You can destroy a rim with a few rides over winter, the ones where you use a pair of brake blocks in a week because it is wet and the roads are gritted. It also massively depends on terrain. Group riding can be a pain for brake wear too, whereas riding by yourself you will tend to be a bit more in control of your speed.
It's basic physics, braking is friction, and although you can avoid premature wear with extra care, if you are using brake pads, you are using rim. If your rims are lasting you aren't braking. I never worked out the ratio of pad and rim, but I reckoned a pair of wheels were good for about 2 seasons in the conditions I rode in, which is about 10000 miles, allowing for rotating between summer best and then using part worn for winter. On my Defy, I am on one rotor replaced in 20,000 miles.
Hear! I'm not high-mileage and I do go as far as wiping down the rims after a ride (and the occasional burst of cleaning) but daily use in winter will chew through front wheels - even more "robust" ones. Mind I do mostly brake on the front unless icy / very greasy - I'm not a balanced braker...

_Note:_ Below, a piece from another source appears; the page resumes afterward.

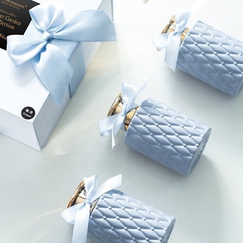 Luxe haut de gamme personnaliser ruban de soie vide bouteille de diffuseur de roseau en verre bleu mat avec bouchons et boîte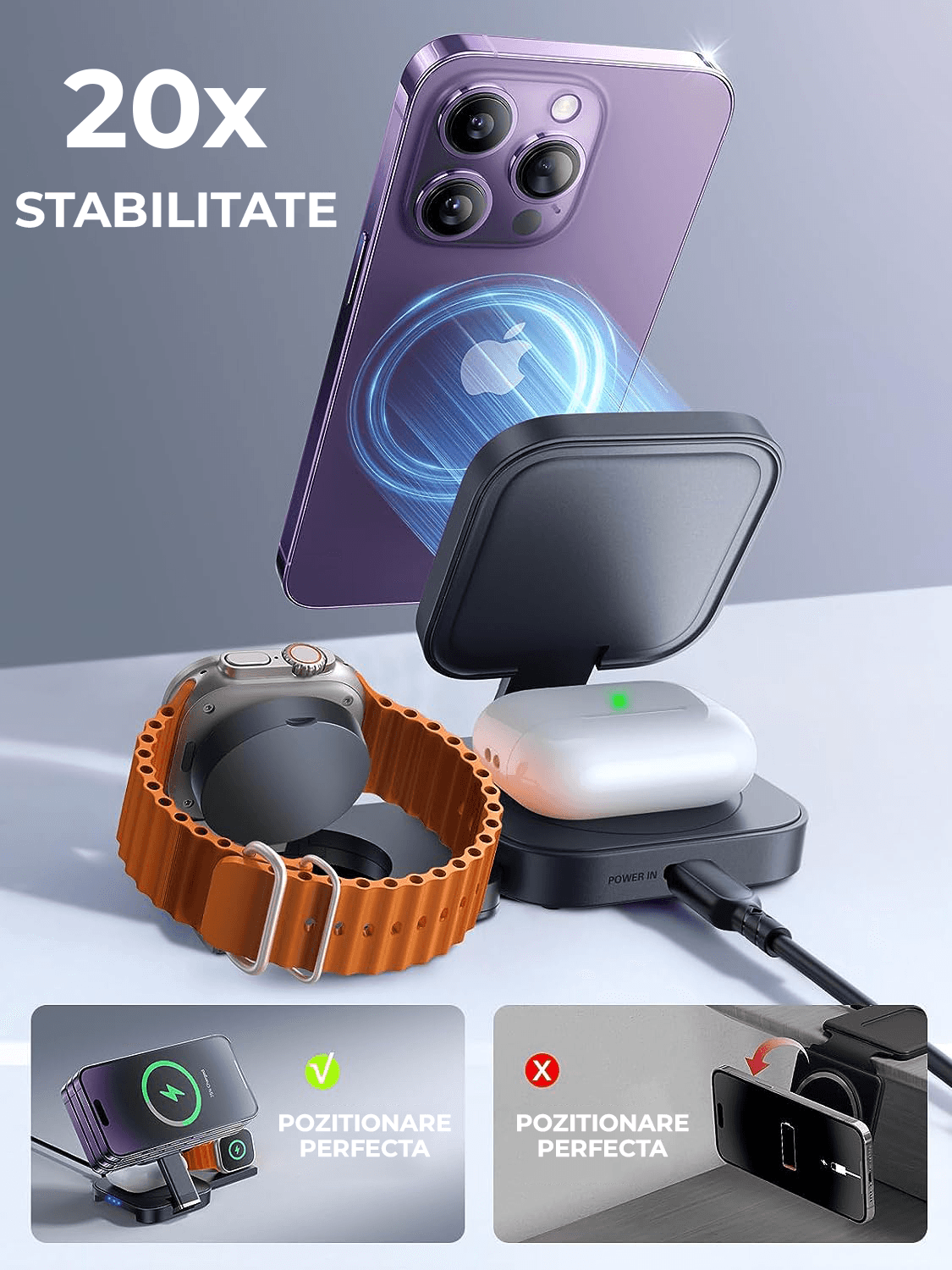 Incarcator 3-in-1 Wireless: O solutie de incarcare wireless completa pentru iPhone-ul dvs., Apple Watch si AirPods. O optiune excelenta pentru a va organiza spatiul acasa, la birou, in calatorii, in hotel sau in sala de intalniri. Va permite sa spuneti adio cablurilor incalcite si firelor dezordonate, mentinandu-va spatiul ordonat si organizat, oferindu-va o solutie de incarcare practica.

I ate through a set of Mavic crossmax rims in about 4 months of my filthy winter commute. Got them cheap before the bike boom, specifically to keep some meat on my last set of xc717s. Several sets of cantilever KOOL stop salmons.
I used to be lucky to get much more than a year out of a set of rims - commuting 200km a week through the winter in London does that.
Really?
Ah, so that's why.
Exactly what is the diameter of a proverbial sixpence, is it something like the diameter of the moon's orbit?